In this notebook we will create a baseline solution to our semantic segmentation problem. To iterate fast a notebook is a handy solution. We will then refactor this code into a script to be able to use hyperparameter sweeps.

In [1]:
import wandb
import pandas as pd
from fastai.vision.all import *
from fastai.callback.wandb import WandbCallback

import params
from utils import get_predictions, create_iou_table, MIOU, BackgroundIOU, \
                  RoadIOU, TrafficLightIOU, TrafficSignIOU, PersonIOU, VehicleIOU, BicycleIOU

Again, we're importing some global configuration parameters from `params.py` file.
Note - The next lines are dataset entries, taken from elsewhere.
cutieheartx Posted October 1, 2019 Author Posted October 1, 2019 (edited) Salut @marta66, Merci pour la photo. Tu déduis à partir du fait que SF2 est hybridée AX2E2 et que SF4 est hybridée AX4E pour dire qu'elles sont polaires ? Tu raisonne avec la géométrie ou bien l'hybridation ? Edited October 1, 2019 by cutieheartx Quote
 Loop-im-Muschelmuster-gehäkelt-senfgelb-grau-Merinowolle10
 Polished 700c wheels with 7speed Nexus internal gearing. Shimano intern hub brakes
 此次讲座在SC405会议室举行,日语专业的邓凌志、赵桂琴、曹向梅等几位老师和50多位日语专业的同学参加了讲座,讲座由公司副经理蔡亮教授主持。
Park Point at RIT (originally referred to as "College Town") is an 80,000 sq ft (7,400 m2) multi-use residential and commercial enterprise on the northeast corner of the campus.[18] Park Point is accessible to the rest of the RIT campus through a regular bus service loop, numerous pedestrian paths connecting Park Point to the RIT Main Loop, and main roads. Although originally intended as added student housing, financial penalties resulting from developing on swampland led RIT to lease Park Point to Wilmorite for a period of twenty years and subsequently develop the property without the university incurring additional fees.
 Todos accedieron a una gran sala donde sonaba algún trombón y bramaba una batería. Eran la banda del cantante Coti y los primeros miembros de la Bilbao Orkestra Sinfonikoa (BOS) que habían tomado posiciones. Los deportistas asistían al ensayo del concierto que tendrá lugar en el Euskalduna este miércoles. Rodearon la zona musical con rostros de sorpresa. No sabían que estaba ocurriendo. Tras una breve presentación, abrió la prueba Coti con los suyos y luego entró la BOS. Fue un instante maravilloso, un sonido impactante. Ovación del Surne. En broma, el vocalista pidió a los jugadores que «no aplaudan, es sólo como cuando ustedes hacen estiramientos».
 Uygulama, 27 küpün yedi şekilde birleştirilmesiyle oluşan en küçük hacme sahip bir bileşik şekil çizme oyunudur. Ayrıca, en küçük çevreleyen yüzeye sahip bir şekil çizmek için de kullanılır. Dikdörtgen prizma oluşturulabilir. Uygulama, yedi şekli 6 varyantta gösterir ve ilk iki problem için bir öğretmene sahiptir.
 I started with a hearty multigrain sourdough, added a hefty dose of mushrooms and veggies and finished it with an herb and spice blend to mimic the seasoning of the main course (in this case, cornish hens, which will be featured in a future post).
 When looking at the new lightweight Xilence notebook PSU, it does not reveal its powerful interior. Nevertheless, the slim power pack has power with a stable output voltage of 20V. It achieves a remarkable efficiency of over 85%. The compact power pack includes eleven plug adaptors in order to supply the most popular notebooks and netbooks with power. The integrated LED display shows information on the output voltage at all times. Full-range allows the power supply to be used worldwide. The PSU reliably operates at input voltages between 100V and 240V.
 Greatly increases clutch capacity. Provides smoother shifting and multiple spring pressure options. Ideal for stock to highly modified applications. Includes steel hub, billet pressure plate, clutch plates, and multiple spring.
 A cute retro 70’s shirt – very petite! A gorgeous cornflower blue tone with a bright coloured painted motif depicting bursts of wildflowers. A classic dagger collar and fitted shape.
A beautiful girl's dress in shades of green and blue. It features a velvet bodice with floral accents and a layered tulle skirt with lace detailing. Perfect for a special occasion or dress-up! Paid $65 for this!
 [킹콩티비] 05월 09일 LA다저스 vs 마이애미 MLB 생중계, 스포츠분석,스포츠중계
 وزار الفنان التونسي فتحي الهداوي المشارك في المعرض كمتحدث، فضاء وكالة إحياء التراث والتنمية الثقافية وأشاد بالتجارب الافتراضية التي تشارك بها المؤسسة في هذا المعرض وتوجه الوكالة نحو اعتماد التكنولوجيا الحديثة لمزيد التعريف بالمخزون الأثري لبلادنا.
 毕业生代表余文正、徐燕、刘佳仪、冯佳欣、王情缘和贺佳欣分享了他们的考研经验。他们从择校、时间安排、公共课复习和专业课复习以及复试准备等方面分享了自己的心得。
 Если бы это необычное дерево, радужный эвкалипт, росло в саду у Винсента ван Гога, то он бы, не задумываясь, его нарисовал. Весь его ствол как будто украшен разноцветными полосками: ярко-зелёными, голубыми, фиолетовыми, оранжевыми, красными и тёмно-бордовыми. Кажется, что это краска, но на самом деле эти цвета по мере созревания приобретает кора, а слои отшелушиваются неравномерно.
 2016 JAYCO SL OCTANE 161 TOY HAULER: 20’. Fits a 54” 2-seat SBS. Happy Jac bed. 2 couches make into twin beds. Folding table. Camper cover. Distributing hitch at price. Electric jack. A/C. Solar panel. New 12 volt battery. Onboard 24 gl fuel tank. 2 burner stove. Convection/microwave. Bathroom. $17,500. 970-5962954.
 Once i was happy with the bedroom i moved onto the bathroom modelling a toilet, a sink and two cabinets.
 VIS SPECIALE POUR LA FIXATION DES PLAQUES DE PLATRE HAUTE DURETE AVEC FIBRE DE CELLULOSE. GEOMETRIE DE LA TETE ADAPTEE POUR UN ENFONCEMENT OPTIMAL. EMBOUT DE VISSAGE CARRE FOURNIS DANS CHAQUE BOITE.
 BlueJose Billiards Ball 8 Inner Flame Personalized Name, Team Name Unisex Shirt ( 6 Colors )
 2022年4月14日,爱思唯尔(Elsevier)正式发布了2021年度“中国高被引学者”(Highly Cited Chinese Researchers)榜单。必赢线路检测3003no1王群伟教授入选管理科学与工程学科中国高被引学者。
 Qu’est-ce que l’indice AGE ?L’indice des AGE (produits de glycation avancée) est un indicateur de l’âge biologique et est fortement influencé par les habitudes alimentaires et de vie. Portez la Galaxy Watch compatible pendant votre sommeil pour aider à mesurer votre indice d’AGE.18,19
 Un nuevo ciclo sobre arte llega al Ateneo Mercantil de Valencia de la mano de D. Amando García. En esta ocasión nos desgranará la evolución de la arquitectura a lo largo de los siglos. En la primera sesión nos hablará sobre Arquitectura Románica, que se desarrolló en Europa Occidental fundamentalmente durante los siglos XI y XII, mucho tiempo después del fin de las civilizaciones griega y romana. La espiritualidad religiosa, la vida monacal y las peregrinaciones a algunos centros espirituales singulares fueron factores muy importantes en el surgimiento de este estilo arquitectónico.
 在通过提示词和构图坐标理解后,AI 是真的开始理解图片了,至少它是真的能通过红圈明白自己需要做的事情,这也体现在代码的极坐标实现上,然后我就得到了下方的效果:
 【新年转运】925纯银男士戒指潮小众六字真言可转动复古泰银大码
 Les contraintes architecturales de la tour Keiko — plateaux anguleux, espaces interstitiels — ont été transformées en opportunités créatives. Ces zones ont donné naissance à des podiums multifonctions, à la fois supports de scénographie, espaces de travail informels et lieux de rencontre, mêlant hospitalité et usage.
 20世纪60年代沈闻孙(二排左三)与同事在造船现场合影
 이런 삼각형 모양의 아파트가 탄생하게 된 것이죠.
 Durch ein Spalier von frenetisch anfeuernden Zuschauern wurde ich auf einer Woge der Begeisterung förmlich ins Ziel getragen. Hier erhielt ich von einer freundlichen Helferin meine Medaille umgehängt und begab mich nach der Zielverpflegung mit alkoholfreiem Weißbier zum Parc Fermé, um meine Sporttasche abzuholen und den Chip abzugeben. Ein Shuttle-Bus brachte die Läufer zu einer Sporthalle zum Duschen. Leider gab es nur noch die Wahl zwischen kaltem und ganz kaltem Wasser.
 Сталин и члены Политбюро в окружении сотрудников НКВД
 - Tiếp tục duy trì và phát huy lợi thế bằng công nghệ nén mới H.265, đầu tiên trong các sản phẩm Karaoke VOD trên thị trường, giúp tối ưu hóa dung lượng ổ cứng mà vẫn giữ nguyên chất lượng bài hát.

We have also defined some helper functions in `utils.py` - for example metrics we will track during our experiments.

Let's now create a `train_config` that we'll pass to W&B `run` to control training hyperparameters. 

In [2]:
train_config = SimpleNamespace(
    framework="fastai",
    img_size=(180, 320),
    batch_size=8,
    augment=True, # use data augmentation
    epochs=10, 
    lr=2e-3,
    pretrained=True,  # whether to use pretrained encoder
    seed=42,  # for reproducibility
)

We are setting seed for reproducibility: this is a `fastai` function!

In [3]:
set_seed(train_config.seed, reproducible=True)

## Start run and get artifacts

Initialize the `wandb` run: we pass the configuration we defined about for training

In [4]:
run = wandb.init(project=params.WANDB_PROJECT, entity=params.ENTITY, job_type="training", config=train_config)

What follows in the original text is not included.